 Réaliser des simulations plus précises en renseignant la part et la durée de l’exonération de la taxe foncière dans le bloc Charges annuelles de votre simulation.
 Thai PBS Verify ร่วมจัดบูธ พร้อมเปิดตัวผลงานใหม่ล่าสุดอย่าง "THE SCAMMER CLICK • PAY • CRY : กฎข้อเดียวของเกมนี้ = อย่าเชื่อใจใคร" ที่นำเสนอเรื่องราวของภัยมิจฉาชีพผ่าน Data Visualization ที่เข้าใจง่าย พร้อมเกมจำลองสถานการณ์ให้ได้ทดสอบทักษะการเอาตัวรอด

--

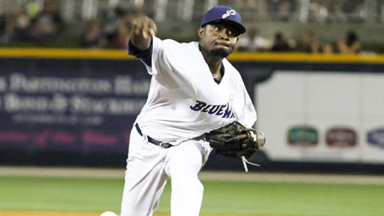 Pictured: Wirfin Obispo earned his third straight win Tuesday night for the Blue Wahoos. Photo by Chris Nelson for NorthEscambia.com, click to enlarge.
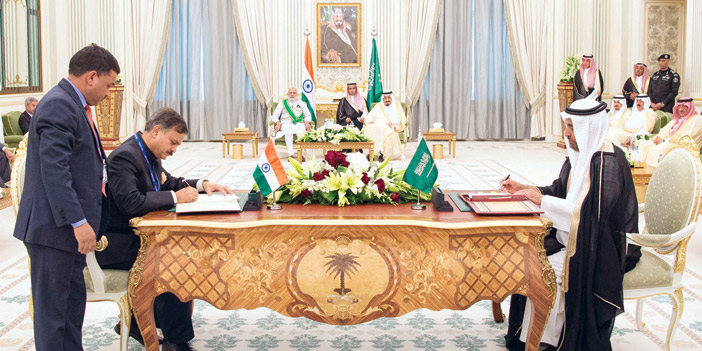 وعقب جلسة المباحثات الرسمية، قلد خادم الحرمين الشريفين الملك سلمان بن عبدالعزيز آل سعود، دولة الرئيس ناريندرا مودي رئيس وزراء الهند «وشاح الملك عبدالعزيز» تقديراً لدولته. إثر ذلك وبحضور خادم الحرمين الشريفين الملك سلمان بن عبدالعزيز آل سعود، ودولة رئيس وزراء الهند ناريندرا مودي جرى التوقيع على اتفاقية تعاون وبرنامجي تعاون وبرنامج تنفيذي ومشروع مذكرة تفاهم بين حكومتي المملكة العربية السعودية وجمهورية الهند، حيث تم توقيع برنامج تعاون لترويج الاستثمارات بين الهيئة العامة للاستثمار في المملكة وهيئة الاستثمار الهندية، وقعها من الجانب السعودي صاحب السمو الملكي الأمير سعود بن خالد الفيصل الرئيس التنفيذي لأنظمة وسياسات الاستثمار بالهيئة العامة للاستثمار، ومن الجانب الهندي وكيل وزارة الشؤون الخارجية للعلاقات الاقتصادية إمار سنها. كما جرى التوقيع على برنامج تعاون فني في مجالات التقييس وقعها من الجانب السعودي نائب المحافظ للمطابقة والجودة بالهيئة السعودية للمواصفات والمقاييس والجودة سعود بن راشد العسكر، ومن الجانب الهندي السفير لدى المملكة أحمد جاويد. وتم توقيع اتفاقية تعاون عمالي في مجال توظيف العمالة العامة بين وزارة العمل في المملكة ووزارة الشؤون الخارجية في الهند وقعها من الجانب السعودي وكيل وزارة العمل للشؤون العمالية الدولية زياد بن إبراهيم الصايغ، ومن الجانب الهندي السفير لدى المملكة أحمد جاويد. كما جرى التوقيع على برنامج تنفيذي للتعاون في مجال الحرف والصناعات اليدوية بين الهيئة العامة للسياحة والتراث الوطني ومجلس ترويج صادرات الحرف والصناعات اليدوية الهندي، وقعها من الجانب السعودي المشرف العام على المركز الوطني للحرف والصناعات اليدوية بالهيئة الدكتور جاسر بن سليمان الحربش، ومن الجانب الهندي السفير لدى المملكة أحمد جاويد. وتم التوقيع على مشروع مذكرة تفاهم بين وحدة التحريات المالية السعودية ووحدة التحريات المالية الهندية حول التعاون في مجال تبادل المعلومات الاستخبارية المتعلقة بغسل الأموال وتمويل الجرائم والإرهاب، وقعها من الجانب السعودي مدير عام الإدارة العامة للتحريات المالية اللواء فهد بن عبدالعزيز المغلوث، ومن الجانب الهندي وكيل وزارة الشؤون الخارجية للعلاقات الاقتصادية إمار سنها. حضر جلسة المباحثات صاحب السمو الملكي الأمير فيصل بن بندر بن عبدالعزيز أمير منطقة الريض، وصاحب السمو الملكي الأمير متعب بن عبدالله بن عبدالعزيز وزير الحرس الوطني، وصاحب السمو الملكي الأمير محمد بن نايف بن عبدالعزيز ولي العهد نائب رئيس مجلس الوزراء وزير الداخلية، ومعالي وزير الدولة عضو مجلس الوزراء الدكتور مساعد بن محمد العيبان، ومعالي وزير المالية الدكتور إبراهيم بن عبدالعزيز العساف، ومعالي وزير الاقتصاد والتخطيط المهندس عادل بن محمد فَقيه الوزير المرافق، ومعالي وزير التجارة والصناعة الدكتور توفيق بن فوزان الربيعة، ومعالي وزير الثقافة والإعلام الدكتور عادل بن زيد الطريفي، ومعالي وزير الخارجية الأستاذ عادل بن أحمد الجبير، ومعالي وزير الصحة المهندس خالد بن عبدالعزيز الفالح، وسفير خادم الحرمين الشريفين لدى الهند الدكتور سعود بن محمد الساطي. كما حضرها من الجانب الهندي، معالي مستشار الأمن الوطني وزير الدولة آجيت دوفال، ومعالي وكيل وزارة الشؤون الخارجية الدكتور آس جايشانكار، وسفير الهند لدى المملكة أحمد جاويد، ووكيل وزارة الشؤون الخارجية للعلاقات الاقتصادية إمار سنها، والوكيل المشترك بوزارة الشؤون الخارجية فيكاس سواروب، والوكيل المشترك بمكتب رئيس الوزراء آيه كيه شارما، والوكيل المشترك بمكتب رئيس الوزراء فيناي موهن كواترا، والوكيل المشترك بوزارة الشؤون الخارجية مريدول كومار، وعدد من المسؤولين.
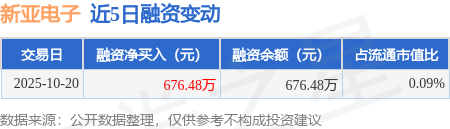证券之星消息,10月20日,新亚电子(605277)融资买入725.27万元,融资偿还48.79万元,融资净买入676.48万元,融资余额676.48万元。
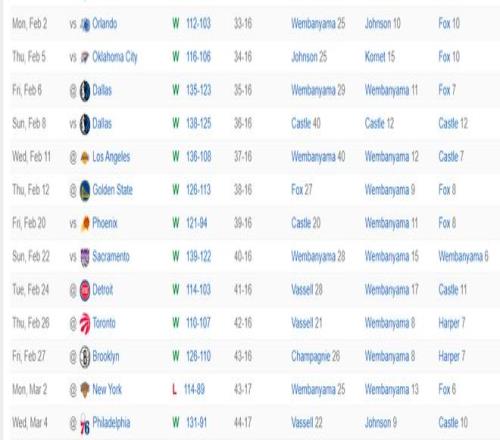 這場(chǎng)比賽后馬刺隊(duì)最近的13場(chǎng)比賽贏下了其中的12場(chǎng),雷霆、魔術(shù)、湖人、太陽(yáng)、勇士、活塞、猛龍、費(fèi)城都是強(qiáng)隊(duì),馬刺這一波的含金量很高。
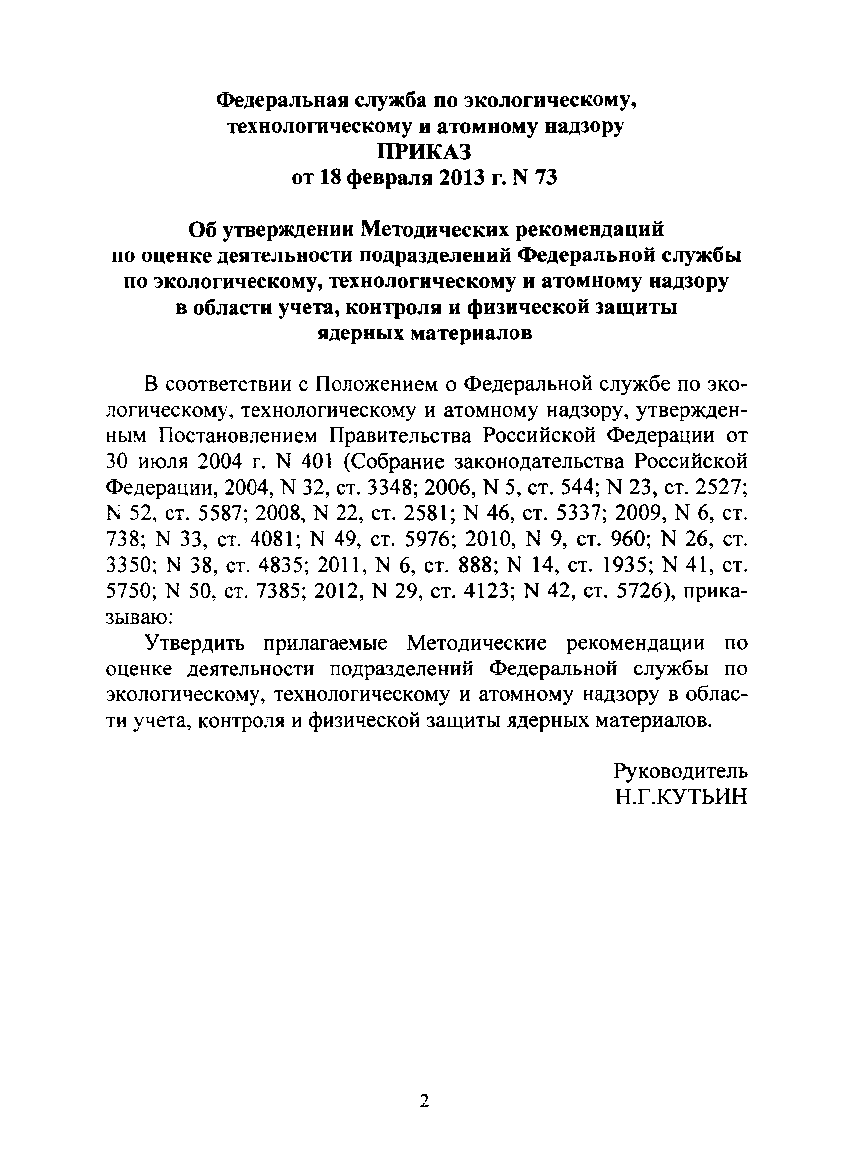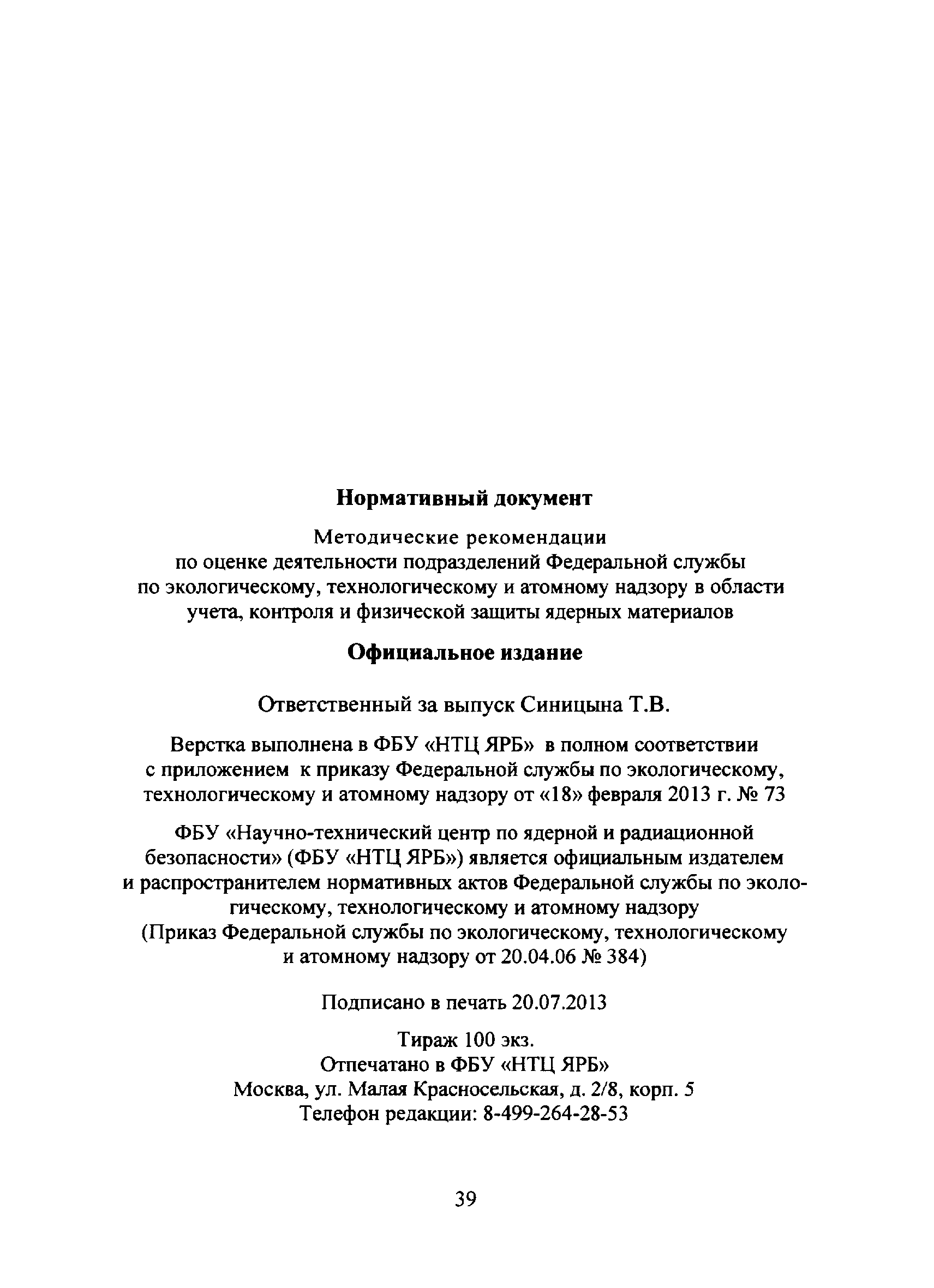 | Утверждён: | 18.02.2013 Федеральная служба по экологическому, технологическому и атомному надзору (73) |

What the exercise asks:
Above are the records; copy from them only the lines starting at the one containing "這場(chǎng)比賽后馬刺" and ending at the one containing "надзору (73) |", exactly and without pictures.

Reply:
 這場(chǎng)比賽后馬刺隊(duì)最近的13場(chǎng)比賽贏下了其中的12場(chǎng),雷霆、魔術(shù)、湖人、太陽(yáng)、勇士、活塞、猛龍、費(fèi)城都是強(qiáng)隊(duì),馬刺這一波的含金量很高。
 | Утверждён: | 18.02.2013 Федеральная служба по экологическому, технологическому и атомному надзору (73) |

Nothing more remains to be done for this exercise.